## Recorded data
..........

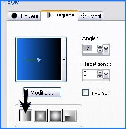Configurer un dégradé linéaire angle: 270°/Répétition: 0/Inverser non coché ***
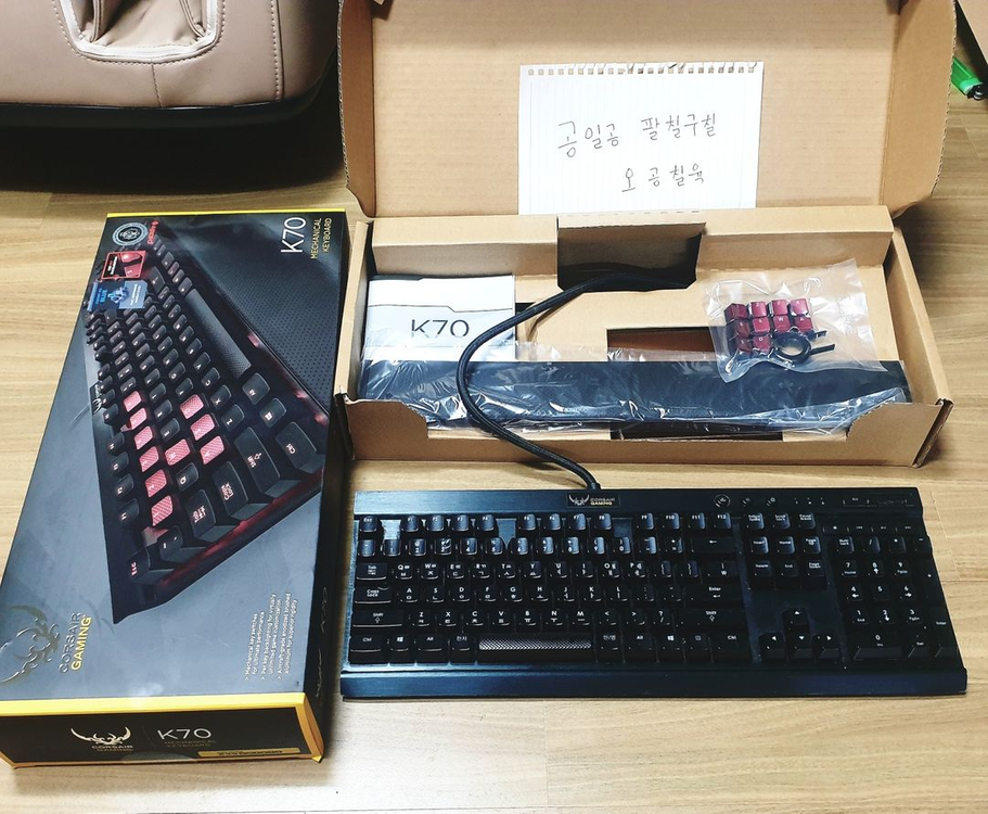 풀박스 명품 커세어k70 청축키보드 7만2천에 싸게 저렴하게 팝니다.(박스및 구성품 포함/ 팜레스트+정품FPS여분 이미지
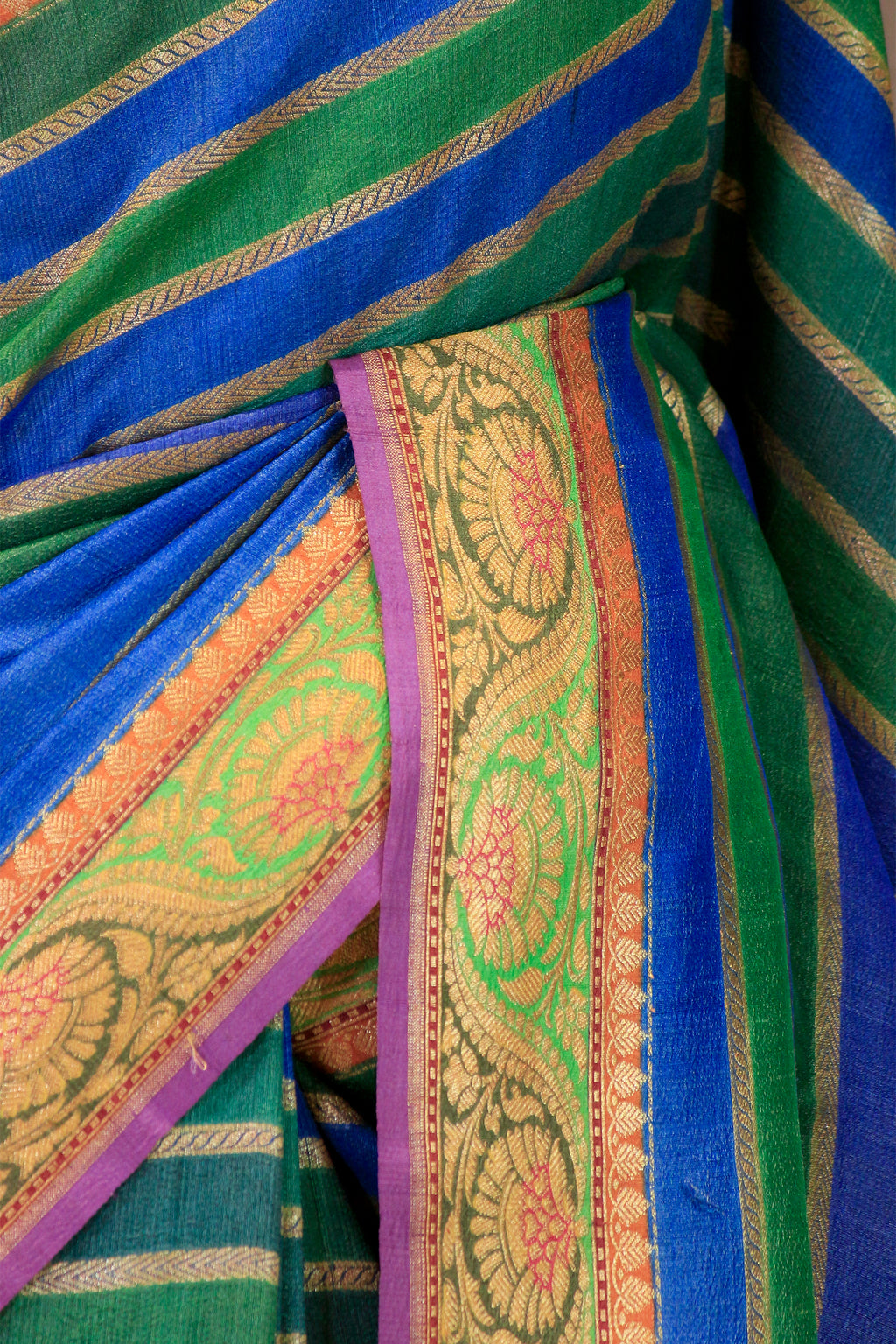 This green-blue Banarasi Tussar Khaddi silk saree is woven in exquisite Rangkat style, blending harmonious shades with a unique gradient effect. The saree is adorned with intricate water gold zari woven designs and stripes across the body. The ethnic hand-brushed contrast border and pallu add a distinctive artistic touch. It comes with a matching unstitched blouse piece, perfect for personalized tailoring.

..........

Type the listing above out again exactly, and omit all pictures.

## Response for this exercise
Configurer un dégradé linéaire angle: 270°/Répétition: 0/Inverser non coché ***
 풀박스 명품 커세어k70 청축키보드 7만2천에 싸게 저렴하게 팝니다.(박스및 구성품 포함/ 팜레스트+정품FPS여분 이미지
 This green-blue Banarasi Tussar Khaddi silk saree is woven in exquisite Rangkat style, blending harmonious shades with a unique gradient effect. The saree is adorned with intricate water gold zari woven designs and stripes across the body. The ethnic hand-brushed contrast border and pallu add a distinctive artistic touch. It comes with a matching unstitched blouse piece, perfect for personalized tailoring.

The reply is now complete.